I knew it was going to happen. That didn’t make it easier.”

Greg, furloughed lawyer

“Because these events are so rare, we don’t know how long it’ll take for people to return to their pre-furlough selves,” he says. “There’s emotional stress and emotional exhaustion shoots up. It’s bad. It creates long-term stress and burnout. And people can’t function like that. That’s how you end up with people having breakdowns.”


Alvord recommends staying mentally healthy by taking care of yourself—move your body, like take a nature walk; stay socially connected; get enough sleep, which is critical to mood regulation and mental clarity.

“What makes people happy is having a goal and meaningfulness,” she explains. “Accept what you can control instead of stewing in it. Use your time.”

Workplace whiplash

Greg, a lawyer at a 25-person firm in Yonkers, N.Y., endured some workplace whiplash.

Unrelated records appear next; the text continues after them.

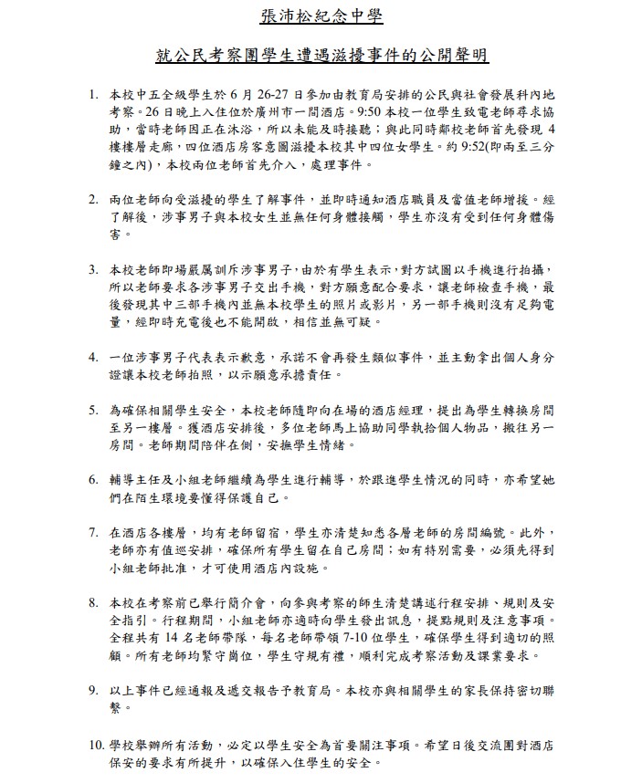 張沛松紀念中學早前亦發出公開聲明,正式回應事件。聲明指,該校中五全級學生在6月26至27日參加由教育局安排的公民與社會發展科內地考察。26日晚上時入住廣州市一間酒店。到了晚上9時50分時,一位學生致電老師尋求協助,當時老師因正在沐浴,所以未能及時接聽。與此同時鄰校老師發現4樓樓層走廊,有4位酒店房客意圖滋擾其中4位女學生,在約兩至三分鐘之內,學校兩位老師首先介入,處理事件。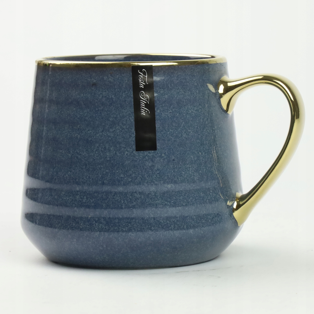 Порцелянова кавова чашка темно -синього чаю з золотим вухом 570 мл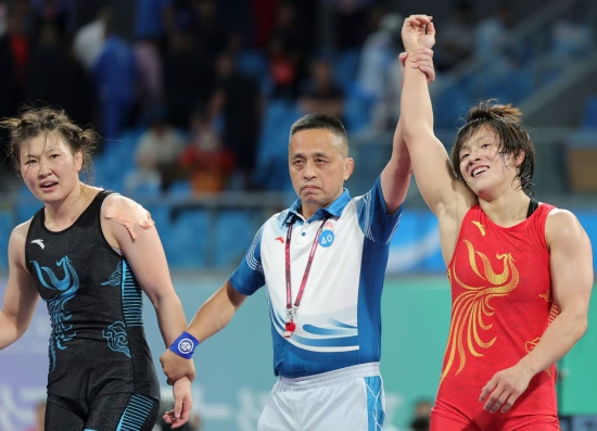 女子自由式摔跤赛场,张骐沉着应战、敢打敢拼,用汗水取得了我省该项目全运会金牌“零”的突破,让吉林力量在摔跤赛场熠熠生辉。

The 31-year-old, who asked that his last name not be used, was furloughed briefly in April, then went back to work from his home in Jersey City, N.J., for 1.5 months, and was furloughed again early July. With housing court closed, the firm was left with few landlords and tenants to represent.

“I knew it was going to happen. That didn’t make it easier,” he says. “Even in early July or late June, it seemed as though by the winter, we could be back to normal, but that doesn’t seem to be the case.”

Greg is trying to find other work, but his side hustle had been in the entertainment business, an industry that was also hard hit by the COVID-19 pandemic. Instead, he volunteers at a voter-registration not-for-profit, posts on Twitter, cleans the house and tries to get into shape. Meanwhile, his husband, a manager at a tech company, is busier than ever.


“There are definitely good days and bad days,” Greg reflects. “Some days, I sit around wondering what the hell was I thinking spending $300,000 [on school] and seven years on and I can’t even practice law right now. Other times, I can spend the whole day keeping myself busy. It’s a lot harder to be motivated to do something fun when I know I’m just doing it to kill time.”